𝗜’𝗺 𝘀𝘁𝗮𝗿𝘁𝗶𝗻𝗴 𝗮 𝗻𝗲𝘄 𝘀𝗲𝗿𝗶𝗲𝘀: 𝗣𝗮𝗽𝗲𝗿 𝗛𝗶𝗴𝗵𝗹𝗶𝗴𝗵𝘁𝘀! I’ll share research papers about (efficient) AI I’ve read including their code when available.
𝗣𝗮𝗽𝗲𝗿 𝗛𝗶𝗴𝗵𝗹𝗶𝗴𝗵𝘁 #𝟬𝟭: “Olica: Efficient Structured Pruning of Large Language Models without Retraining” | 𝗔𝘂𝘁𝗵𝗼𝗿𝘀: Jiujun He, Huazhen Lin | 𝗩𝗲𝗻𝘂𝗲:
@icmlconf 2025
This paper explores how to efficiently prune large language models 𝘄𝗶𝘁𝗵𝗼𝘂𝘁 𝗳𝘂𝗹𝗹 𝗿𝗲𝘁𝗿𝗮𝗶𝗻𝗶𝗻𝗴. Key contributions:
• 𝗦𝘁𝗿𝘂𝗰𝘁𝘂𝗿𝗲𝗱 𝗽𝗿𝘂𝗻𝗶𝗻𝗴 𝘄𝗶𝘁𝗵 𝗳𝗮𝘀𝘁 𝗣𝗖𝗔: They analyze matrix products in the multi-head attention (MHA) and remove neurons with the lowest importance scores.

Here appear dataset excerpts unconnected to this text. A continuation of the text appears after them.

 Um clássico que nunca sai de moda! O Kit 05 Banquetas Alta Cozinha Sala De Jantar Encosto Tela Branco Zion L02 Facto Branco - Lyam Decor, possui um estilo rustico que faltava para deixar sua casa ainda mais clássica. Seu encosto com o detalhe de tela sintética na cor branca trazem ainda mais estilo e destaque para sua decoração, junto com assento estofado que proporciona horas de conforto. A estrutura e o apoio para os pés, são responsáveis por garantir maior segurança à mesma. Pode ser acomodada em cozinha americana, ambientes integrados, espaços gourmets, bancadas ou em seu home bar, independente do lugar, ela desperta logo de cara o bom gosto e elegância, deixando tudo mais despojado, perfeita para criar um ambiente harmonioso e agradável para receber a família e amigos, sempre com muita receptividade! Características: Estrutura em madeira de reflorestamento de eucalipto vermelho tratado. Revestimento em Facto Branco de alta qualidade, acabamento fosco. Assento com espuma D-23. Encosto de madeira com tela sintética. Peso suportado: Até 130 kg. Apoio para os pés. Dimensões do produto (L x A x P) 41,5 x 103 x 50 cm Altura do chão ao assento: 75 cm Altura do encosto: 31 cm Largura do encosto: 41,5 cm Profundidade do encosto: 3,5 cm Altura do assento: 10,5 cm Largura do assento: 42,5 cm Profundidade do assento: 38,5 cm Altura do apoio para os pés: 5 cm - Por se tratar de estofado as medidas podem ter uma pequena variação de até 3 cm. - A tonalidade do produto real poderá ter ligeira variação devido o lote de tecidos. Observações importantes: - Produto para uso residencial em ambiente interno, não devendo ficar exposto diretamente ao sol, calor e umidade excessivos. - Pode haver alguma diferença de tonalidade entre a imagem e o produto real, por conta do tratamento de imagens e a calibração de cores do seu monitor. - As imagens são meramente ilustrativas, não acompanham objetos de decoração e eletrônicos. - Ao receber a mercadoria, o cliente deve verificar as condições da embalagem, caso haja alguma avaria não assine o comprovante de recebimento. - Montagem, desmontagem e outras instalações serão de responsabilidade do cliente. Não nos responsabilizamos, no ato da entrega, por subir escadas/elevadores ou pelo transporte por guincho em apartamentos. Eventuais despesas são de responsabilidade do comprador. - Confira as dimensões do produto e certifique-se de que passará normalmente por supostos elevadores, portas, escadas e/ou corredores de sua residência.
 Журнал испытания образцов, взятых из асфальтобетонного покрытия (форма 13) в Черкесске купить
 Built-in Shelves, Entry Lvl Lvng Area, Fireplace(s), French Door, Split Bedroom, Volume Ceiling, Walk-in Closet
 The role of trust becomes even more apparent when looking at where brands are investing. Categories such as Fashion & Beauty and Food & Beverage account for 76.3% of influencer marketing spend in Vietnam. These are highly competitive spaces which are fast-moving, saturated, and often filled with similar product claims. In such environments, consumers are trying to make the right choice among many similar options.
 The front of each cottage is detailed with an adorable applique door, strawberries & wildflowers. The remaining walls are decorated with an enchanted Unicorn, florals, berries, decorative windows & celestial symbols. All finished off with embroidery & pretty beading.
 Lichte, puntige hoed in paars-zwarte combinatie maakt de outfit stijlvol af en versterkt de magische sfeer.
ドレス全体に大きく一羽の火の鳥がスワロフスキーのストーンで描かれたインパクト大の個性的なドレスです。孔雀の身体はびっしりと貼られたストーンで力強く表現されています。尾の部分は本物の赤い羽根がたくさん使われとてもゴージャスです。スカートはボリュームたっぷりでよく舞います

• 𝗙𝗮𝘀𝘁 𝗿𝗲𝗰𝗮𝗹𝗶𝗯𝗿𝗮𝘁𝗶𝗼𝗻 𝘄𝗶𝘁𝗵 𝗳𝗲𝘄 𝗱𝗮𝘁𝗮 𝘀𝗮𝗺𝗽𝗹𝗲𝘀: Residual errors are compensated via a low-rank decomposition, requiring only a small calibration dataset.
• 𝗣𝗿𝗮𝗰𝘁𝗶𝗰𝗮𝗹 𝗲𝗳𝗳𝗶𝗰𝗶𝗲𝗻𝗰𝘆: An LLM can be pruned and recalibrated in ~7 minutes using just hundreds of samples, resulting in smaller and faster models.
𝗣𝗲𝗿𝘀𝗼𝗻𝗮𝗹 𝗛𝗼𝘁 𝘁𝗮𝗸𝗲: This does not feel like zero retraining because of the recalibration phase but it makes retraining very efficient!